|AUTHOR: Jason J. Roque, MS, CFP®, APMA®, AWMA® |
TITLE: Investment Adviser Rep – CCO
TAGS: S&P 500, NASDAQ, Rates, Inflation
Bear territory was reached Friday, signaling a sustained rangebound period. Does it mean something else this time?
Monday S&P 500 0.40% | NASDAQ 1.21%
Markets swung between losses and gains throughout the day. Towards the end of the day, it became decidedly negative, closing out in the red. There was very little economic data to swing the markets one way or the other.
Tuesday S&P 500 2.02% | NASDAQ 2.76%
The jump in markets came on the back of strong retail sales. There was a fear that retail sales would weaken on strong inflation data; however, the consumer remained strong. Capacity utilization also came out yesterday at 79%. The signal tells investors of tighter economic conditions, which lend themselves to inflation when the rate is in the 80’s.

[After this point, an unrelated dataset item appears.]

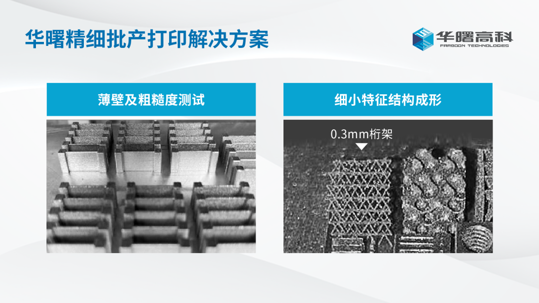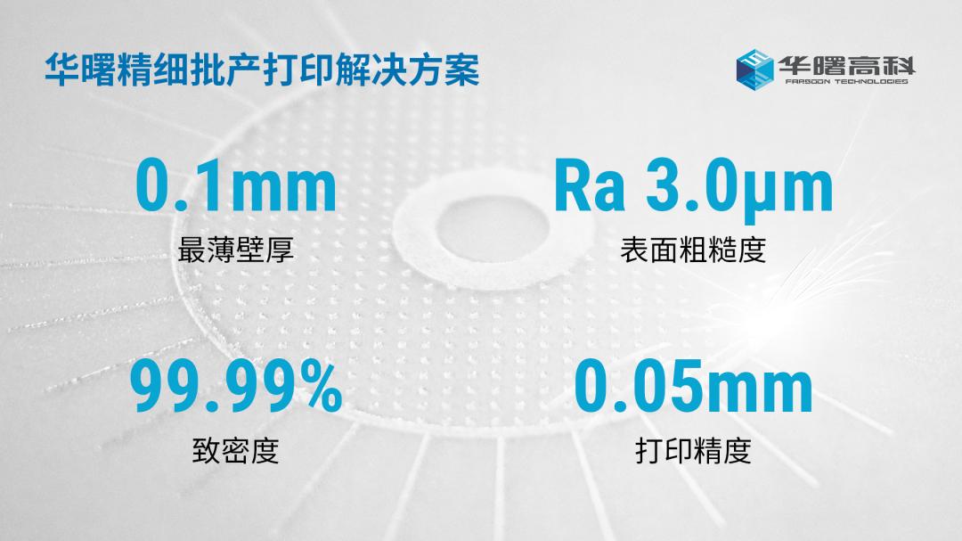 随着面向万物互联的5G通讯和新能源汽车等高端应用场景的快速拓展,能满足大容量数据传输、高速高密度信号传导的小型化、精密化的消费电子器件,其批产需求正不断增长。2022年,华曙高科发布面向批量生产用户金属增材制造双激光设备FS200M,目前已经汽车、航空航天、模具、消费品等领域多种产业化生产场景的应用考验,其打印质量、效率、稳定性均受到各行业用户认可。2024年,华曙高科在设备稳定高效生产的基础上,经过多次优化和方案验证,推出FS200M全新解决方案——升级40μm精细小光斑,可直接成形粗糙度Ra 3.0μm的零部件,打印精度达0.05mm,最薄壁厚0.1mm,可有效满足消费电子、医疗、精密模具等行业对高精度部件批量化生产的迫切需求。目前,金属3D打印行业的一般打印精度超过0.1mm,表面粗糙度Ra值为7.0-20μm。消费电子产品零件尺寸小,结构精细,对于零件尺寸公差要求高,并要求更优质的表面质量,以减少后处理时间和成本,综合降低整体成本。与此同时,消费电子出货量大,对增材制造批产能力要求高,需要满足其精细工件打印批量化生产核心需求。面对打印精度、表面粗糙度及薄壁成形的苛刻要求,华曙高科自主研发面向批量生产的精细打印解决方案,可直接成形粗糙度Ra 3.0μm的零部件,打印精度达0.05mm,最薄壁厚0.1mm。
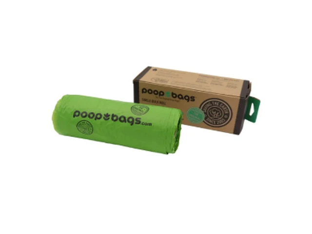 Poop Bags Bulk Roll by The Original Poop Bags are a large single roll containing 300 bags. It is ideal for stocking up as they are made from compostable biobased material. It contains 38% plant materials, recycled content and epi additive. These bags measure 8” x 13"" and the retail box has a perforated top to make the dispensing easy.

Wednesday S&P 500 4.04% | NASDAQ 4.73%
Equities continued their march lower on Wednesday. The S&P 500 broke through the psychological floor of 4000 points, but that level carries little factual weight. Housing data showed future weakness for new home sales. Additionally, oil inventories fell unexpectedly. Oil markets were up early on the news; however, they faded as the equity sell off gained steam. The main catalyst to the selloff was reports from Walmart, Target, Home Depot, and Lowe’s that detailed consumer buying behaviors. The big box stores indicated that consumer activity has shifted to more conservative buying. To the contrary, the home improvement stores have indicated no such change that consumption is showing strength.
Thursday S&P 500 0.58% | NASDAQ 0.26%
Quite often, following a market sell off, we will see a bounce the following day. Not on Thursday… Equities oscillated between gains and losses throughout the day, ultimately landing slightly lower. The S&P 500 is off approximately 19% from its high. It is inching ever closer to bear market territory (20% fall from recent highs).
Friday S&P 500 0.01% | NASDAQ 0.29%
Markets opened in the green in reaction to lending rates in China being eased. That faded quickly and the S&P 500 pushed down about 1.4%. This brought the index to 20% down from it’s high. Late in the day, markets rallied to end unchanged.
Conclusion S&P 500 3.05% | NASDAQ 3.82%
The S&P 500 fell 20% from their January highs. The significance of this is that a fall of 20% marks a bear market. During recessions, this is a market where rallies will occur (markets hang lower rather than putting in new highs). Bear markets in expansions frequently are short-term swings of losses rather than sustained down periods. At the end of 2018, we hit bear market territory and markets proceeded to rally capturing new highs throughout 2019. This may be a recent point, but it does give us hope that the storm may be almost over.